Wednesday, July 11, 2012

Current Sports Umbrage and Proposed Solutions

Cleaning out various physically cluttered areas of one's domicile or workplace also leads to considering where else might the general clutter in one's life be, physical or otherwise. Today's housecleaning will address some of the clutter from the sports world that occupies a (perhaps all too large) percentage of my mental energies.


Indiana High School Class Basketball 
Over four decades of life in this state and two decades of living with the changed system from single-class high-school basketball tournament to four classed tournaments leads me to this conclusion - IT SUCKS. Little pride or excitement remains for a tournament which formerly was the stuff of legend (I'd argue envy of other states) and part of the identity of the entire state. One of the greatest sports movies by most accounts, Hoosiers, is a tale based on it. 


'Hoosier Hysteria' (the origin of which can be attributed to basketball's inventor James Naismith's agreement that Indiana was the sport's spiritual home) associated with the original tournament gave us frequent 'David versus Goliath' match-ups throughout the many levels of the tournament that resonated with the people of a flyover state where national attention is a rare as a hurricane. Even the tournament's draw was televised because of the intrigue with learning who your favorite school would play. Most everyone celebrates the underdog in its struggle to overcome the larger foe - mainly because, in my view, we identify more with them as people and especially as residents of Indiana. So it was for Indiana High School basketball then and no matter if it was the early upset win in a sectional (the first and most local rounds of the tournament) or the state final, it gave the smaller teams their shot at enduring glory. 


By adopting a four-class system for the 1998 tournament (even with the four class state champions playing off in a 'Tournament of Champions' however) most fans agree that the intrigue, mystique, and legendary passion for the sport and the state's championship has waned considerably and left a state with no 'true' champion for which we yearn. Another example of the popularity of this come-all, wide-open type of single-class system can be found in the FA (Football Association) Cup Tournament in England's most-beloved sport of football. I believe this to be a net negative for the students, parents, schools, and residents of this state.
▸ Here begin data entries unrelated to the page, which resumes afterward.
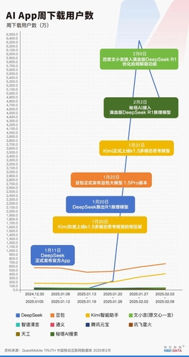 신문이 인용한 데이터 분석 플랫폼 퀘스트모바일에 따르면 지난달 11일 애플 앱스토어와 안드로이드 앱 마켓에 출시된 딥시크 앱은 지난 9일 기준 누적 다운로드 1억1천만건을 넘었다.
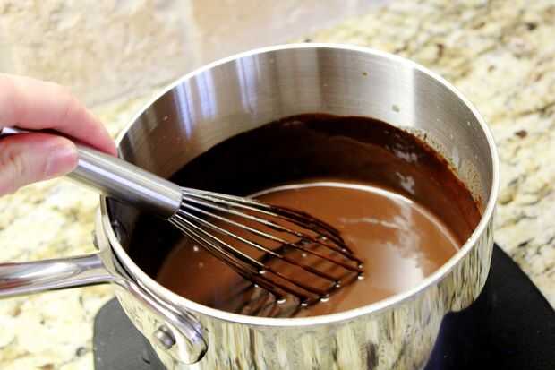 4. mientras que la corteza está horneando, calentar la crema de leche en una cacerola pequeña a fuego medio hasta que esté muy caliente pero no donde cerca de ebullición. Remover con mucha frecuencia para evitar que se queme. Añadir la mantequilla y la sal. Cuando la mantequilla se haya derretido, retirar la sartén del fuego y vierta los chips de chocolate. Utilice un batidor revolver vigorosamente (aprox. 1 minuto) hasta que el chocolate se haya derretido. Dejar reposar hasta que la corteza.
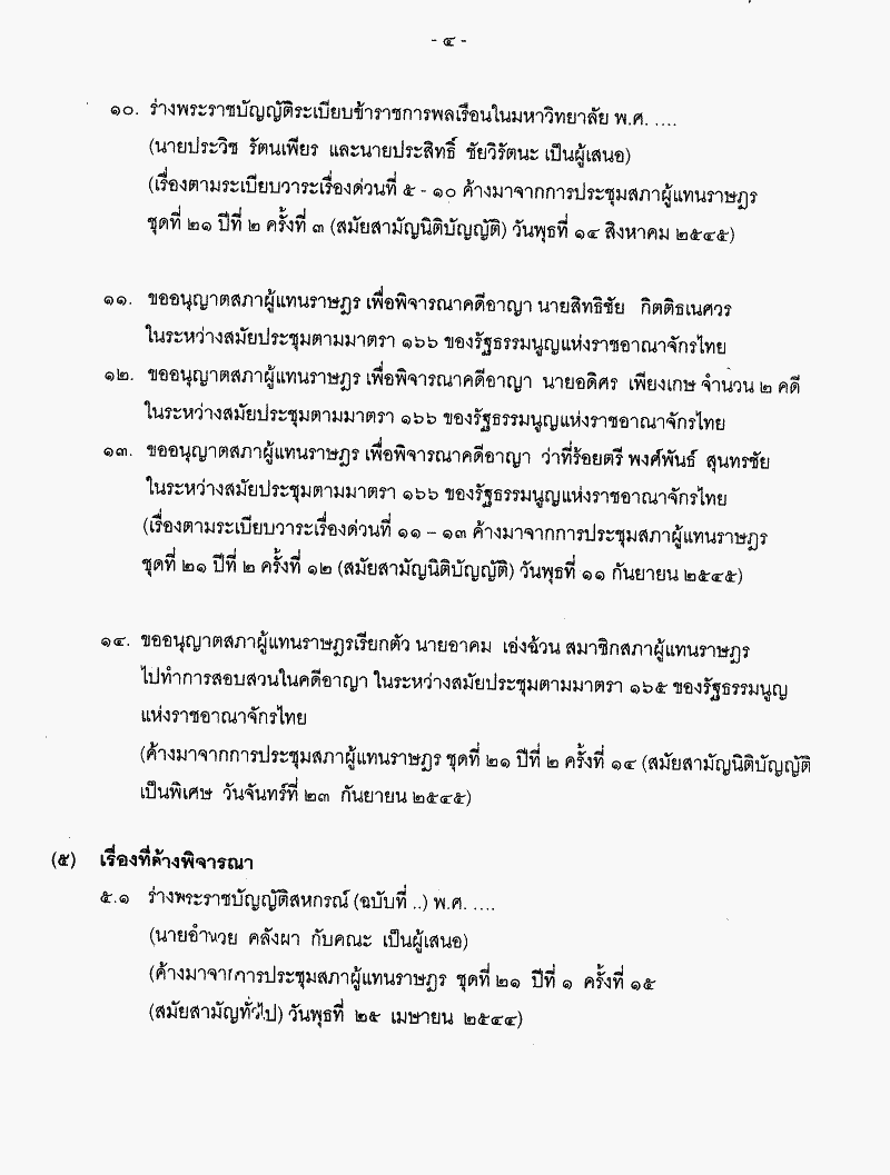 • ระเบียบวาระการประชุมสภาผู้แทนราษฎร ชุดที่ 21 ปีที่ 2 ครั้งที่ 30 (สมัยสามัญนิติบัญญัติ) วันพุธที่ 20 พฤศจิกายน 2545
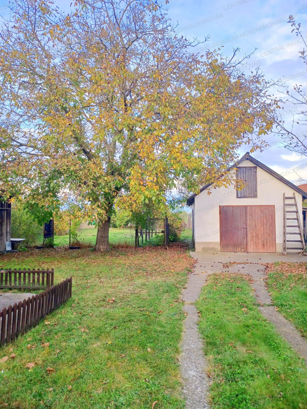 -A ház elhelyezése telekhatáros beépítéssel készült. A kert gyümölcsfákkal, itt nem kell várni a bőséges termésre, mint egy új építésű háznál és van bőven hely kertészkedésre is.

Many valuable life lessons are learned through participation in athletics and the size-delineated tournaments only serve to amplify a thought that differences are to be maintained, not celebrated.


Solution: 
Re-instate single-class basketball. Simple as that. I'm not sure just how much or how little it would actually take to acheive, but were it actually put in the most-democratic form of a statewide referendum, I'd put dollars to donuts the vote would go 70-30 or better in favor of returning to a single-class, single-elimination high-school basketball tournament.


It is a true head-scratcher to me that the IHSAA ever saw the multiple class system as an answer to a question no one was asking. Fixing what isn't broken has never been the Hoosier way. Fix Indiana high-school basketball.

2 comments:

djordan3223 said...

I went to a small high school (North Central, the other one, not in Indy). I graduated in 98 & was the student athlete rep during the class basketball meetings. We played in the Vincennes sectional during single class. The reason we played there was simple, the all mighty dollar. One of my old coaches proposed the perfect solution to class basketball. Have the sectionals & regionals classed somewhat & then throw them all together in the semistate. The cream always rises to the top. I have other thoughts on Indiana HS basketball but don't want this to be a rambling statement, which it is quickly becoming.

djordan3223 said...

I went to a small high school (North Central, the other one, not in Indy). I graduated in 98 & was the student athlete rep during the class basketball meetings. We played in the Vincennes sectional during single class. The reason we played there was simple, the all mighty dollar. One of my old coaches proposed the perfect solution to class basketball. Have the sectionals & regionals classed somewhat & then throw them all together in the semistate. The cream always rises to the top. I have other thoughts on Indiana HS basketball but don't want this to be a rambling statement, which it is quickly becoming.